- Royal coat of arms of the United Kingdom

Justice of the High Court
- In office 2001–2016

Personal details
- Born: Jeremy Lionel Cooke 28 April 1949 (age 77)
- Education: St Edmund Hall, Oxford
- Occupation: Judge

= Jeremy Cooke =

British judge (born 1949)

Sir Jeremy Lionel Cooke (born 28 April 1949), styled The Hon. Mr Justice Cooke, is a former judge in the Queen's Bench in the High Court starting from 2001 and was presiding judge for the South Eastern Circuit from 2007 to 2011, and judge in charge of the Commercial Court from 2012 to his retirement in 2016.

==Career==
Educated at Whitgift School in Croydon and St Edmund Hall, Oxford, he became a solicitor in 1973 and was called to the Bar at Lincoln's Inn in 1976.

He became a QC in 1990, working at 7 King's Bench Walk, where he was noted as a leading "commercial silk" by The Lawyer, who said he specialised in "energy, insurance and reinsurance, professional negligence and shipping and maritime law." He became head of chambers in May 2000, replacing Stephen Tomlinson, who left and became a high court judge. Cooke himself became a judge in 2001, being replaced by Julian Flaux QC and Gavin Kealey QC as head of chambers. He acted as an assistant recorder 1994-8 then as a recorder 1998–2001.

===High Court===
Cooke was knighted in 2001, and that October he became a High Court judge, Queen's Bench Division, Commercial.

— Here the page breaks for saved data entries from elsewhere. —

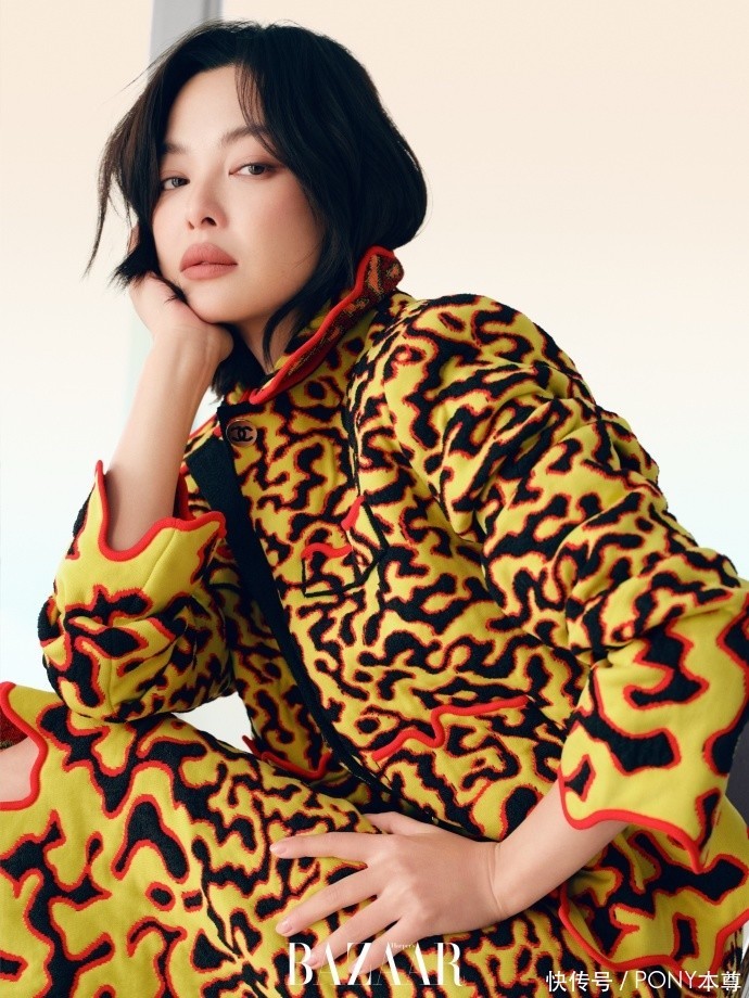 黄色动物纹路的套装,色彩更加明艳!这种类型的服饰还是比较挑长相的,像辛芷蕾这种略带野性的长相,驾驭起来完美适配!
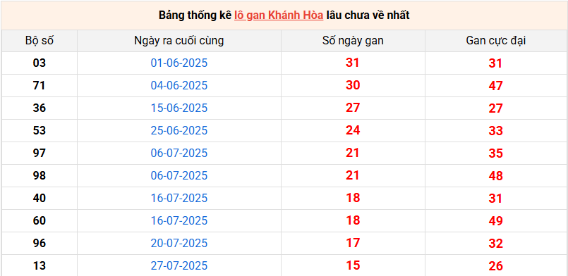 Bảng lô gan Khánh Hòa lâu về nhất 21/9/2025
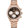 The brown PVD dial includes horizontal oval subdials with silvery coating and a vertical oval date window at 6 o’clock. The hour/minute hands, in diamond-polished 18K Sedna™ Gold, are filled with white Super-LumiNova which emits a green glow.
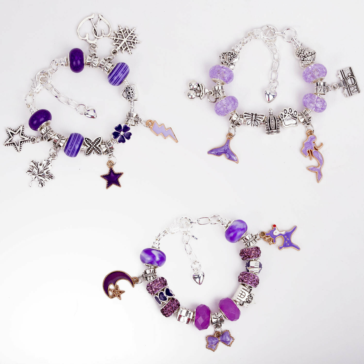 Набор для творчества и создания украшений и браслетов для девочек подарочный детский 66 элементов, бусины, шармы для рукоделия в боксе, Brauberg Kids Аметист, 665295
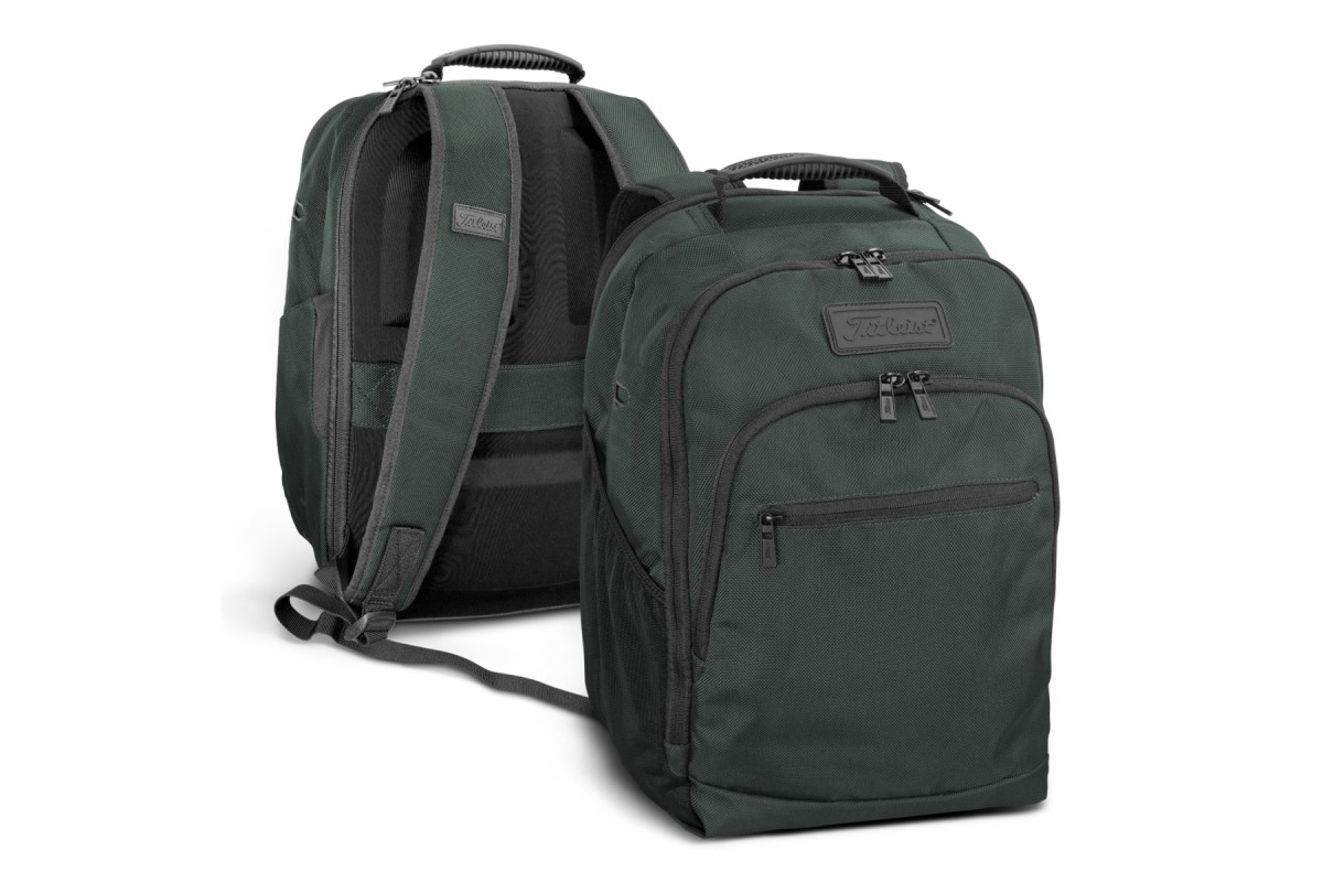 The Titleist Players Backpack combines superior quality with functional style and lives up to the brand's reputation as golf's symbol of excellence. The adjustable and breathable shoulder straps, ample foam lumbar support and spacious main compartments make it ideal for golfers or day trippers. Manufactured from durable 600D polyester it features three zippered compartments with generous internal organisation to securely stow a 15-inch laptop, books, wallets, pens and more. The smaller front compartment has a discrete internal zippered valuables pocket, a Velcro pocket, and a carabiner clip. Other features include a front zippered pocket which can be co-branded, two large side drink bottle sleeves, a sturdy rubber carry handle and a luggage strap so it can slide onto a rolling suitcase handle. The Titleist logo is subtly branded at the top of the main compartment and on the right shoulder strap. Please note this product cannot be supplied without the Titleist logo.

With Mr Justice Bean, he became a presiding judge over the South Eastern Circuit on 1 January 2007. He was succeeded by Mr Justice Sweeney on 1 January 2012. Among the cases he has presided over as judge were the 2007 royal blackmail plot, the trial of Armel Gnango for the murder of Magda Pniewska, the trial of Roshonara Choudhry for stabbing Stephen Timms MP and the 2011 Pakistan cricket spot-fixing scandal.

Between 2013 and 2016, he presided over the case of R v Tom Hayes, which saw him hand the largest ever sentence for white collar crime in the UK. His last case was about the seizure of Hayes's assets, in which he ordered the payment of £878,806. He then retired in 2016. In July 2025, the Supreme Court of the United Kingdom overturned Hayes' conviction on appeal, finding that Cooke had given the jury inaccurate and unfair instructions that prevented Hayes from having a fair trial.

He has also served as a judge for Singapore's International Commercial Court and the Dubai International Financial Centre Court.

==Personal life==
He was a member of Harlequin F.C. from 1970 to 1975. He has been vice-chairman of LICC Ltd since 1999 and was vice-president of the Lawyers' Christian Fellowship from 2003–2010.